• TASK OBJECTIVE: An exact copy of every line from the one holding "Looking back through" to the end of the entries below is required; leave the pictures out.

(GIVEN DATA Opens)

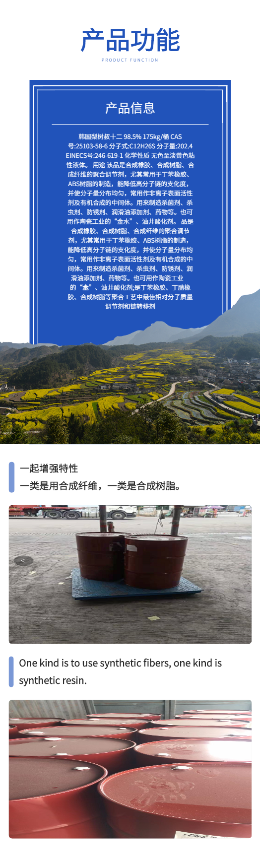 叔十二烷基硫醇TDM韩国梨树蓝桶叔十二硫醇进口
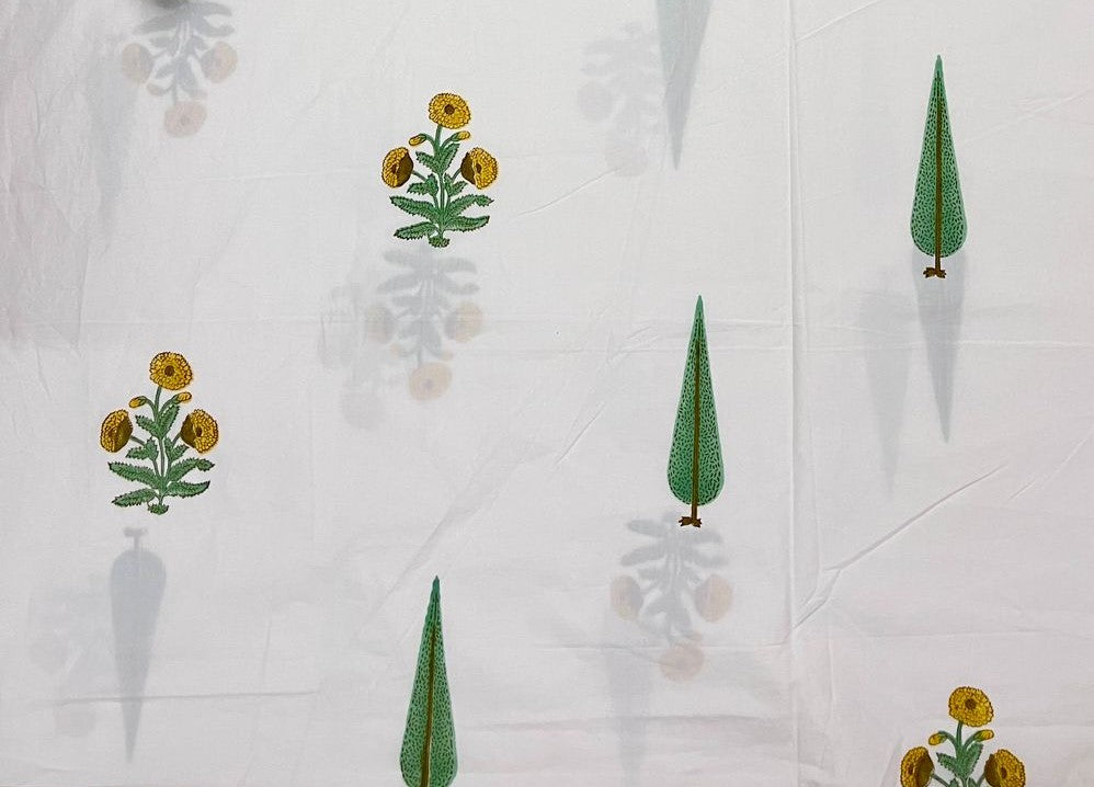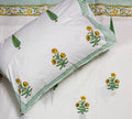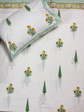 Hand Block Percale Cotton Premium King Size Bedsheet (Yellow Flower Green Tree)
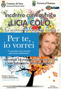 Mercoledì 28 maggio 2014, alle ore 17.30, presso la Sala Polivalente “Vittorio De Sica”, in Piazza Mayer Ross, la famosa conduttrice ed animalista Licia Colò presenterà al pubblico il suo libro “Per te, io vorrei”. Con tale iniziativa il Comune di Sora aderisce alla campagna nazionale “Maggio dei Libri” che si svolge sotto l’Alto Patronato del Presidente della Repubblica con il patrocinio della Commissione Nazionale Italiana per l’Unesco. Collaborano all’organizzazione della campagna, oltre ai partner istituzionali, tutti i soggetti strategici impegnati nella promozione della lettura.
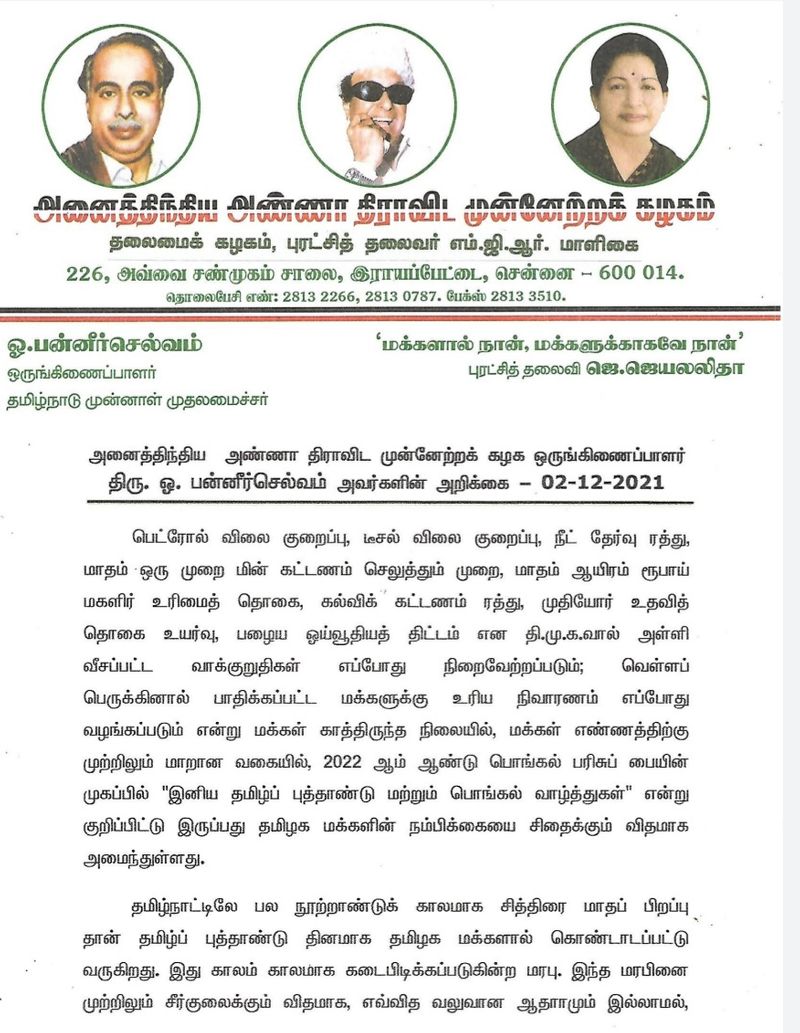 சென்னை: ஏராளமான வாக்குறுதிகளை மக்களுக்கு அளித்துவிட்டு இப்போது தமிழ் புத்தாண்டை மாற்றும் நடவடிக்கையை உடனடியாக கைவிட வேண்டும் என்று திமுக அரசுக்கு அதிமுக ஒருங்கிணைப்பாளர் ஓ. பன்னீர்செல்வம் தெரிவித்துள்ளார்.
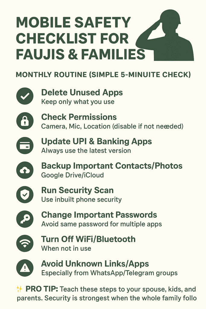 In today’s world, our mobile phones are like our lifeline — whether it’s for staying in touch with family, making UPI payments, or keeping up with news and entertainment. For Faujis and their families, mobile safety is not just about avoiding fraud; it’s also about protecting personal and professional privacy.
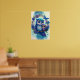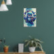 Cartel de nido - Mamá y bebé búho - Diseño azul y púrpura con búhos, flores y una mariposa. Ideal para habitación de niños, amantes de los animales y niños.
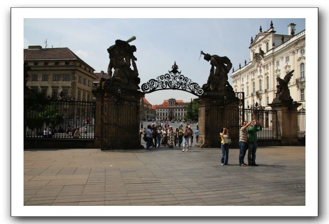 Looking back through the gates at the Hradčanské nàměstí (castle square)
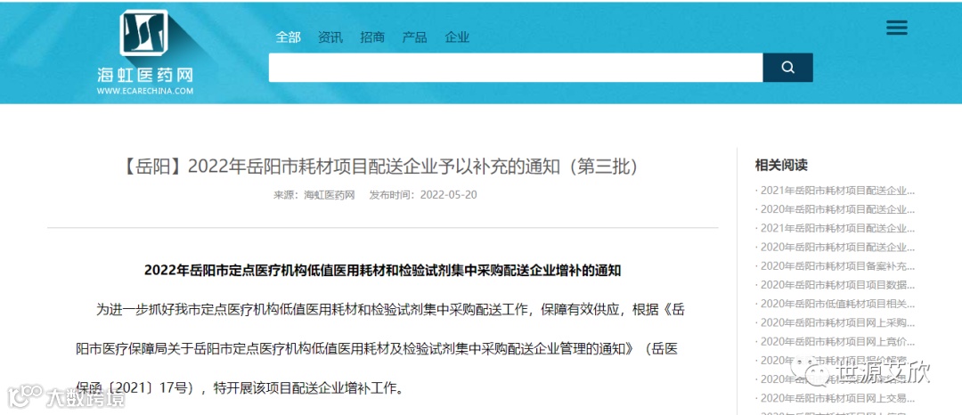 2022年岳阳市定点医疗机构低值医用耗材和检验试剂集中采购配送企业增补的通知
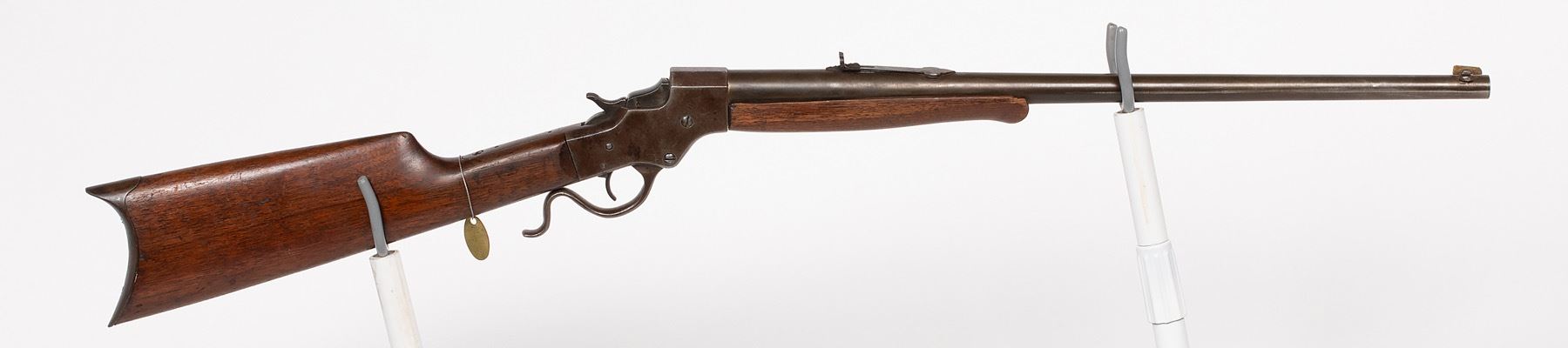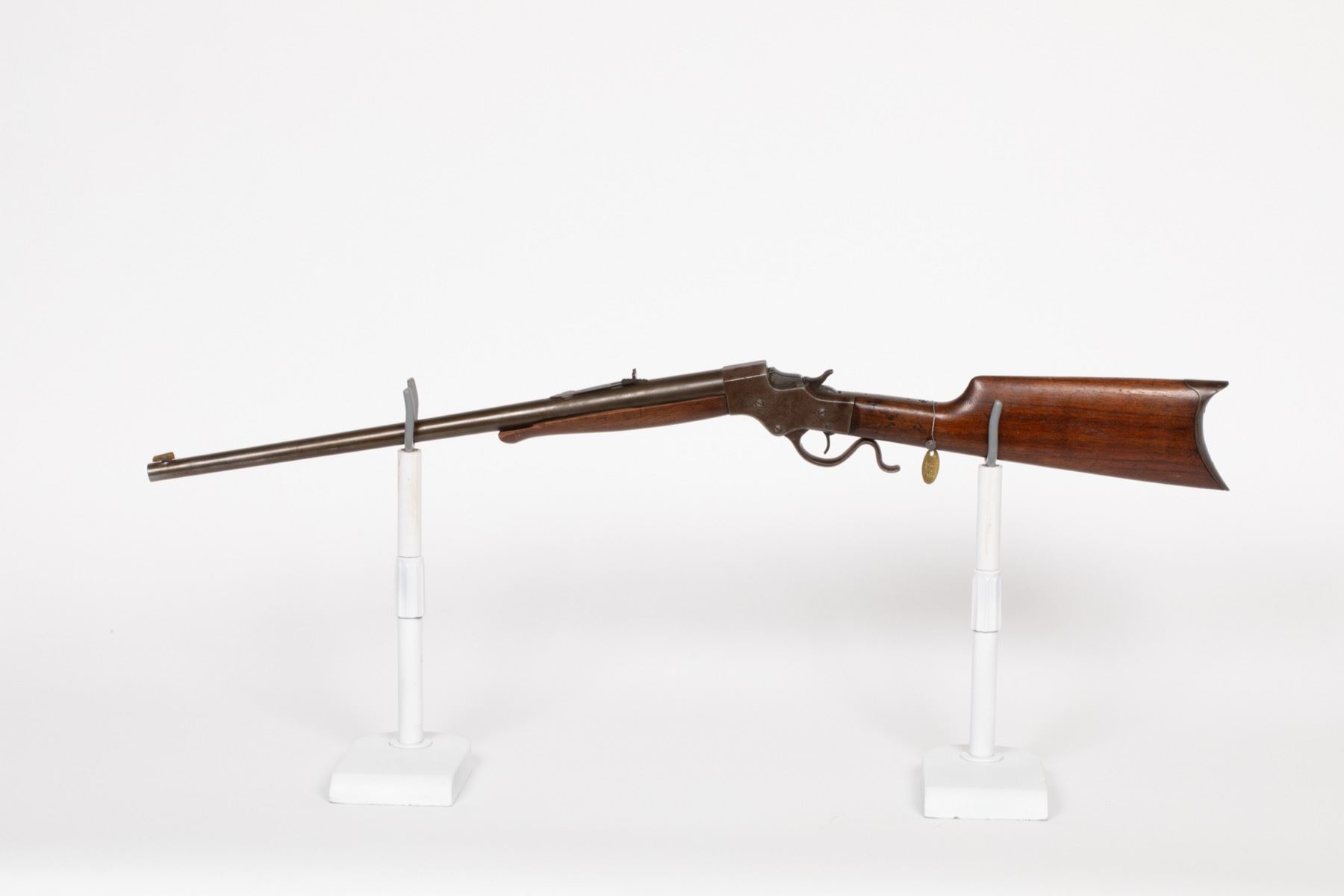 Steven's Arms Company, 44 TARGET.22, single-shot falling-block, Blade front sight w/rear leaf adjustable sight. smooth fore/pistol grip, crescent metal butt plate. SN: 59736, JMD Oval Tag: 7629, Condition: Good, >

(GIVEN DATA Closes)

• RESPONSE AREA:
 Looking back through the gates at the Hradčanské nàměstí (castle square)
 2022年岳阳市定点医疗机构低值医用耗材和检验试剂集中采购配送企业增补的通知
 Steven's Arms Company, 44 TARGET.22, single-shot falling-block, Blade front sight w/rear leaf adjustable sight. smooth fore/pistol grip, crescent metal butt plate. SN: 59736, JMD Oval Tag: 7629, Condition: Good, >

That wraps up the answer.